■ ABOUT THIS EXERCISE
Retype all of the data word for word, without pictures.

INFORMATION PROVIDED section start

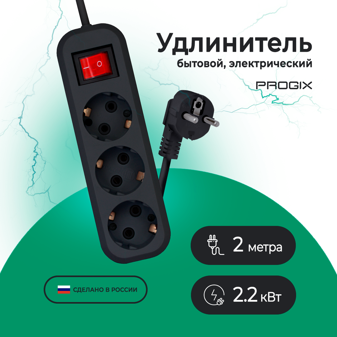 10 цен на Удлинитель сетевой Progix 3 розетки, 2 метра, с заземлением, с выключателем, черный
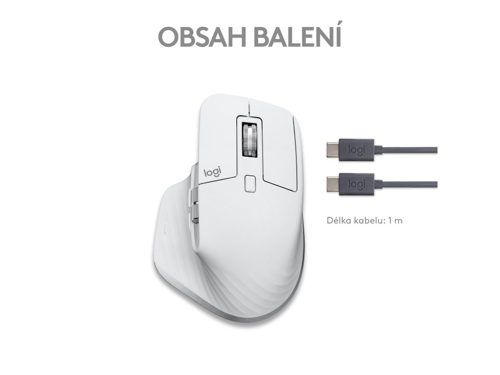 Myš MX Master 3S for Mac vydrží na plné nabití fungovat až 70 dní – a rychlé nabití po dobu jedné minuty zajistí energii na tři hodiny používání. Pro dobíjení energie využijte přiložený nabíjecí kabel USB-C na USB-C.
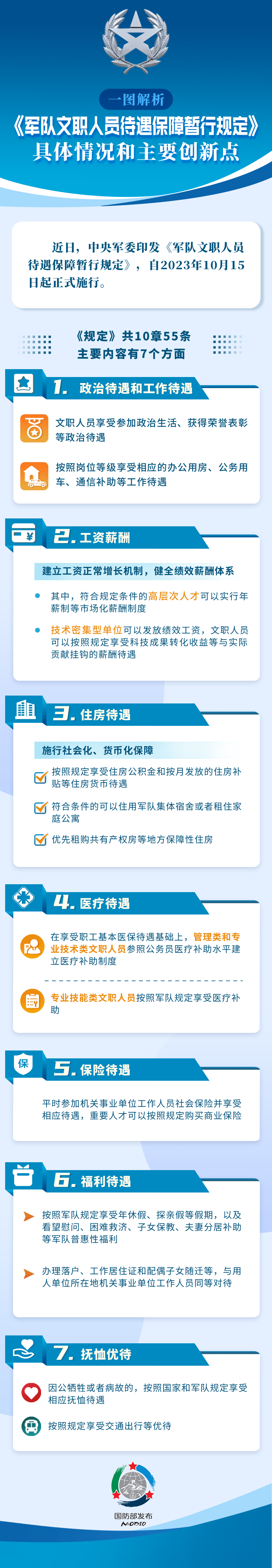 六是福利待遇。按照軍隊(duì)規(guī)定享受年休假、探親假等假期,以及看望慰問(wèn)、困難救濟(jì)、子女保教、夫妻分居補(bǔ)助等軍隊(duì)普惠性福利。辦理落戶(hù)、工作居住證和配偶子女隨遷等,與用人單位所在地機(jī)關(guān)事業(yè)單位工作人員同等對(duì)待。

INFORMATION PROVIDED section end

■ ANSWER BOX
 10 цен на Удлинитель сетевой Progix 3 розетки, 2 метра, с заземлением, с выключателем, черный
 Myš MX Master 3S for Mac vydrží na plné nabití fungovat až 70 dní – a rychlé nabití po dobu jedné minuty zajistí energii na tři hodiny používání. Pro dobíjení energie využijte přiložený nabíjecí kabel USB-C na USB-C.
 六是福利待遇。按照軍隊(duì)規(guī)定享受年休假、探親假等假期,以及看望慰問(wèn)、困難救濟(jì)、子女保教、夫妻分居補(bǔ)助等軍隊(duì)普惠性福利。辦理落戶(hù)、工作居住證和配偶子女隨遷等,與用人單位所在地機(jī)關(guān)事業(yè)單位工作人員同等對(duì)待。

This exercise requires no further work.